Eco-activists say UK should pay £1 TRILLION in damages for role in climate change: Rishi Sunak faces COP27 storm after ministers refuse to rule out ‘reparations’ to countries hit by global warming

  • Rishi Sunak is in Egypt for the COP27 summit after U-turning on his initial refusal to attend the gathering 
  • Nicola Sturgeon adding to pressure on UK and other wealthy nations to pay ‘reparations’ to climate-hit states
  • Mr Sunak has insisted there is ‘no hatchet to be buried’ with Boris Johnson if he bumps into him in Egypt 

Britain should pay a staggering £1trillion in reparations to developing countries hit by climate change, campaigners claimed today.

The warnings came as the UN climate conference, Cop27, gets under way in Egypt, UN General Secretary Antonio Guterres told world leaders gathering at the Egyptian resort of Sharm El Sheikh: ‘We are on a highway to climate hell with our foot on the accelerator. Our planet is fast approaching tipping points that will make climate chaos irreversible.’

Discussions about ‘loss and damage’ – compensation payments to countries suffering the impacts of climate change – are on the summit’s agenda for the first time.

The scale of the payment was denounced as ‘complete and utter madness’ by one MP, while former PM Boris Johnson said the UK simply ‘could not afford’ to hand over such vast sums. 

Charity War on Want said the £1trillion sum for reparations reflects the damage done to planet Earth by the UK burning fossil fuels to power our economy.

Asad Rehman of War on Want, told the Mail that paying reparations was ‘the right thing to do’.

The charity says that as the UK’s share of the total amount of greenhouse gas produced by burning fossil fuel is around 3.5 per cent, £1trillion would reflect the cost of removing that carbon. A trillion is a million millions, or a thousand billions.

Mr Rehman said: ‘The UK was able to industrialise and take resources from the rest of the world and power its economy by burning fossil fuels.

‘This is plainly morally the right thing to do. The UK should step up and accept the responsibility.’

Mr Rehman added that ‘reparations’ were the right term to use. ‘This is not charity, this is not aid, this is the UK accepting the harm it’s created and repairing that harm.’

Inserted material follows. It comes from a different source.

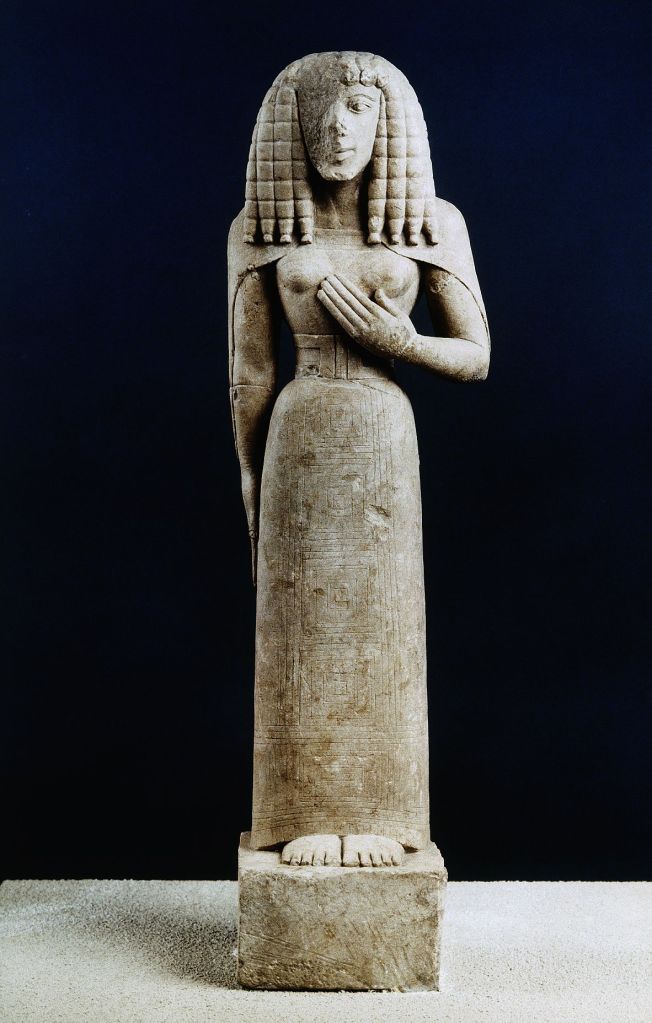 - Posteriorment aquestes escultures evolucionen allunyant-se de la influència d’Orient i apropant-se més al naturalisme de les figures. En aquesta etapa s’avança en la recerca de la perfecció anatòmica però la codificació de les figures marca l’etapa.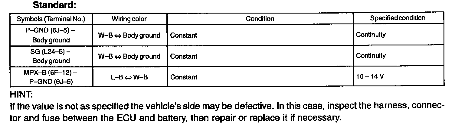 Terminals Of ECU - Check Passenger Side J/B ECU Part 2:

Britain, as the first country to industrialise, has historically been the fifth biggest emitter, Mr Rehman said. While it only contributes 1 per cent to the total amount of greenhouse gas produced each year at present, its share historically is around 3-3.5 per cent.

Daniel Willis, of Global Justice Now, which supports reparations payments said: ‘The world needs to find a way to pay for rebuilding after climate disasters, which are already costing $116billion [£101billion) a year.

‘Countries need to be looking to the fossil fuel industry to raise a major part of it – the five biggest oil companies alone have made over $170billion (£148billion) in profits in the last year’.

Rishi Sunak is facing a growing row about ‘reparations’ to states hit by climate change as he makes his debut on the world stage at the COP27 summit.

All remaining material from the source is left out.